Примером красной тюрьмы мог служить Белгород 99-го года. Ментовской беспредел — избиения при поступлении (я уже писал об этом), жалобы и письма при малейшей возможности безнаказанности уничтожаются. Прокурор по надзору со стеклянными глазами. Все строго по распорядку. Небольшие нарушения тут же оформляются во взыскания. Никакой связи практически между камерами нет. Конвои, выводы — строго по уставу. Собаки. Протесты и возмущения гасятся дубинками и теми же собаками — одному этапнику псина прокусила ногу во время „наведения порядка”. К тому же и питание мизерное. Шутки не воспринимаются — один попробовал в шутку поинтересоваться, чего это вы с собаками нас на прогулку водите — кто-то сбегать, может, пытался? Опера тягали несколько дней, чуть красную полосу не влепили. Красная полоса по диагонали титульной страницы личного дела означает „склонен к побегу или нападению” — на этапах с такой мрак — могут даже в наручниках сутками держать, да и в других местах не мед. Сразу по этой же теме — есть еще так называемая „желтая полоса” — „склонен к самоубийству”.
Сейчас я описываю сухо, фактами — позже постараюсь передать свои впечатления и в более живой форме, особенно о Белгороде. Воспоминаний масса.
В большинстве же тюрем и зон — всего помаленьку. Динамическое равновесие сил разного цвета. Нужно сказать, что крайние проявления того или иного „цвета” — вещь, как правило, непостоянная и неестественная для системы. Дело в том, что, с одной стороны, для основной массы персонала мест лишения свободы — красный режим, это такой же напряг, как и для зеков. В общей массе это простые люди, зачастую с близлежащих сел, которые не имеют каких-то личных мотивов для ненависти и, тем более, для усердствования на работе. Это обычный наемный персонал, с обычным русским менталитетом, не позволяющим им перетруждаться на службе. Начальство пришло, пошумело, и ушло — а они остались. Что вы хотите от работника, который по большому счету, такой же зэка, разве что может иногда домой ходить. Без постоянной накачки все приходят к состоянию наименьшего напряга и сопротивления.
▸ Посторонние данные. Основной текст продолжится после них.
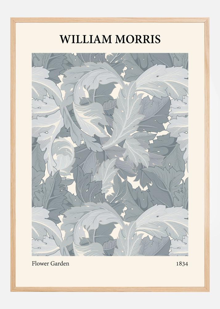 Tämä juliste sen vehreällä ja hienostuneella William Morris -aiheella tarjoaa sekä rauhallisuuden että klassisen eleganssin tunteen. Muotoilu on ylistyslaulu runsaalle vihreydelle, joka usein liitetään Morrisiin ja hänen työhönsä Arts and Crafts -liikkeessä. Aihe, nimeltään "Kukkatarha", sisältää tiiviin lehvistön ja kukintojen sommittelun, esitettynä viileissä sinisen ja harmaan sävyissä, joissa on ripaus kermanvalkoista. Tämän julisteen jokainen yksityiskohta on tarkkaan harkittu, luoden tunteen hyveellisestä ja järjestäytyneestä puutarhasta.

Такая же ситуация и с черной стороны — обычному мужику никакие высокие идеи не нужны. Было бы что поесть, где поспать, посмотреть телевизор. В бой за идею они не пойдут и, при малейшем напряге, оставляют братву сам на сам с их "оппонентами".
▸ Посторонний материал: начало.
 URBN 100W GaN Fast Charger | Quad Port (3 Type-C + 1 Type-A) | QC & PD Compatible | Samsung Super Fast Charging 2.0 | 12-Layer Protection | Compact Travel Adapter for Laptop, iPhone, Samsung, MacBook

В отличии от радикальных цветов красных и черных, мужиков часто называют серыми.
Чтобы картина с цветами была более или менее полной, следует вспомнить еще одну масть — „шерстяные”. Шерстью на фене зовутся ссучившиеся блатные.
Термин „сука” имеет общее значение предатель, изменник. Тот, кто изменил воровским идеалам и стал на путь беспредела. По сути, это одна из разновидностей красной масти, так как суки специально культивируются операми и при их помощи приходят к власти на зоне, творя беспредел по отношению к правильным пацанам и мужикам. Самый тяжелый и бесчеловечный вариант — когда представители закона творят беззаконие чужими руками. В таком случае зону зовут шерстяной. Не знаю как сейчас с этим, но слышать о таком приходилось.
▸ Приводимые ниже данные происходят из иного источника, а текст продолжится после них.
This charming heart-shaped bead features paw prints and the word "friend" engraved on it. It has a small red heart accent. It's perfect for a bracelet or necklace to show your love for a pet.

Первые впечатления и знакомства
Я уже несколько раз садился за написание "конкретики", но все никак не мог изложить всего так, как бы хотелось. Потому отчасти несколько ушел в отвлеченные темы. Несколько раз меня знакомые расспрашивали — как оно, там? Обычно начинаешь рассказывать, смотришь на собеседника и видишь непонимание — человек слушает, но не воспринимает. Это ему просто не влазит в голову. Как будто говорим об интегральном исчислении. Все слова вроде понятны — но в картинку не складываются. Ты врешь — или привираешь — так не может быть…
Трудно понять, что вот здесь же, рядом, в том же городе, где ты живешь, где на расстоянии каких-то 10 метров ходят обычные люди — совсем другой мир. Кто-то из зэков назвал его "Затерянный мир". Гниющие тела, вонь, вши, клопы, чесотка, туберкулез, петухи под шконками, вонючая баланда с червяками, понятия, ментовской и блатной беспредел.
Однажды, видя непонимание, я завел товарища в ванную — обычную среднюю ванную комнату обычной квартиры. Представь себе, говорю, что вот в этой ванне мы ставим три двухъярусные шконки, стол, унитаз (точнее просто очко — "дальняк" — как в общественных туалетах).
И теперь сюда поселяем 7–8, а может быть и 10–12 человек. Это как? — человек смотрит на меня с недоверием, — тут десятерым просто не стать, если даже все выбросить и оставить голые стены, а не то чтобы три шконки… Ну конечно, стать негде — а жить можно. Год, два, три — выходя только один раз в день на неполный час на прогулку.